In the thirteen years since Columbine, we have regulated text messaging more than guns. We have installed breathalyzers linked to car ignitions for those that are known drunk drivers and we have sent unmanned drones into war zones. But guns? No, of course not. We can’t change policy or even talk about changing it. And there is no way we can consider that people have taken on the British Empire (and won) without a firearm in the name of “freedom.”
Until Newtown. Now, we can talk about it.
Vice President Joe Biden is set to release his recommendations to the president on how to curb gun violence in the United States. He has met with the Brady Campaign and well as the NRA. Biden was also the main architect for the assault weapons ban. President Obama, now in his second term and after speaking at no less than four memorial services for mass shooting victims, is ready to hear and change what many of us have turned a blind eye to: guns kill people. And lots of them.

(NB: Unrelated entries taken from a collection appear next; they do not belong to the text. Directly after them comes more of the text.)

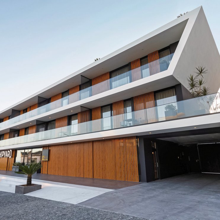 Hôtel moderne inspiré par le thème nautique de l’île avec de nombreux éléments en bois
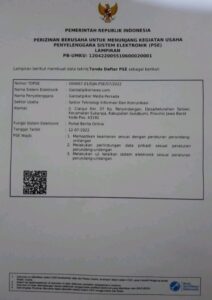 ( KBLI ) : 63122 – Portal Web Dan / Atau Platform Digital Dengan Tujuan Komersial
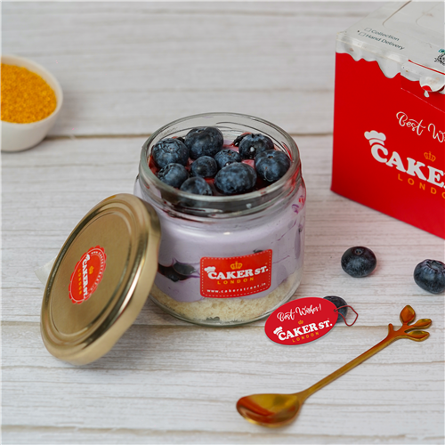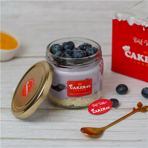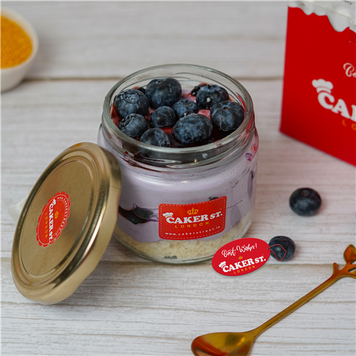 Indulge in our Blueberry Vanilla Cake Jar, featuring moist vanilla sponge soaked in sugar syrup, layered with fluffy whipped cream and luscious blueberry fruit filling. Topped with a chocolate garnish and fresh blueberries, this treat offers a delightful mix of creamy, fruity, and chocolatey goodness.
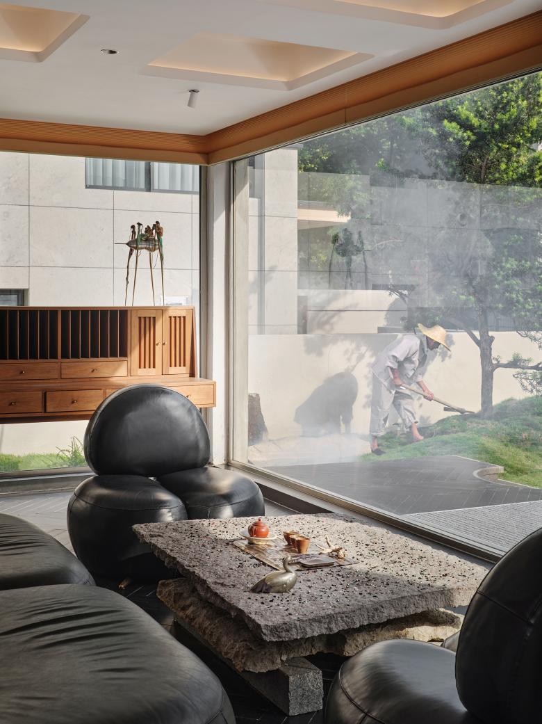 The space has unhindered access to outdoor sceneries in all directions. The reception tearoom at the entrance accommodates tables made of stacked raw stones, perpetuating the coarse texture of the courtyard. In the sunken meeting space one meter below the floor, the circular seating area echoes the curved ceiling, strengthening participants' rapport during discussions. The sunken garage is transformed into a large table that connects the space and serves as an immersive handicraft workshop.
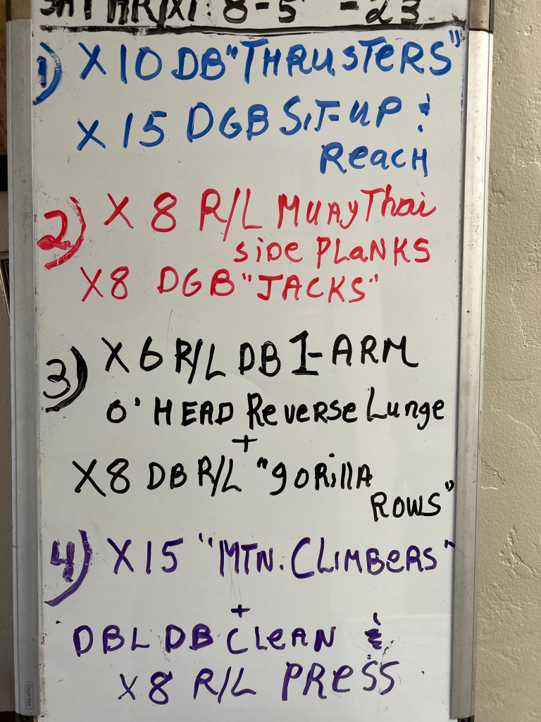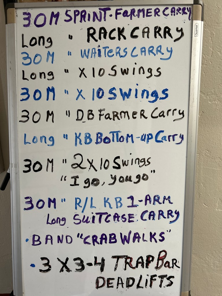 8/2/23 WEDNESDAY. STRENGTH CIRCUIT/SWINGS/TRAP BAR DEADLIFTS. 8:15 Start at Warren’s Gym. After warm-up we’ll do 5 x 12 Swings. Then two rounds of:

I like to think that change is on the horizon, but I know the NRA will fight common sense measures and many politicians will back away. But the truth is that the NRA’s bark is worse than its bite. If Karl Rove and his contingent of donors with deep pockets were losers in the 2012 president election, the NRA set the bar for backing politicians that don’t win. The truth is that if you now want to win an election, you have a better chance of winning without the support of the NRA.
This news should move mountains. For me it does. It means we have a real chance to change our country and drop our children off at school without armed police officers patrolling the grounds in order to feel “safe.” We don’t need protection from ourselves, we need protection from people who can’t put two and two together. I want this to be the time we get it right. We have to.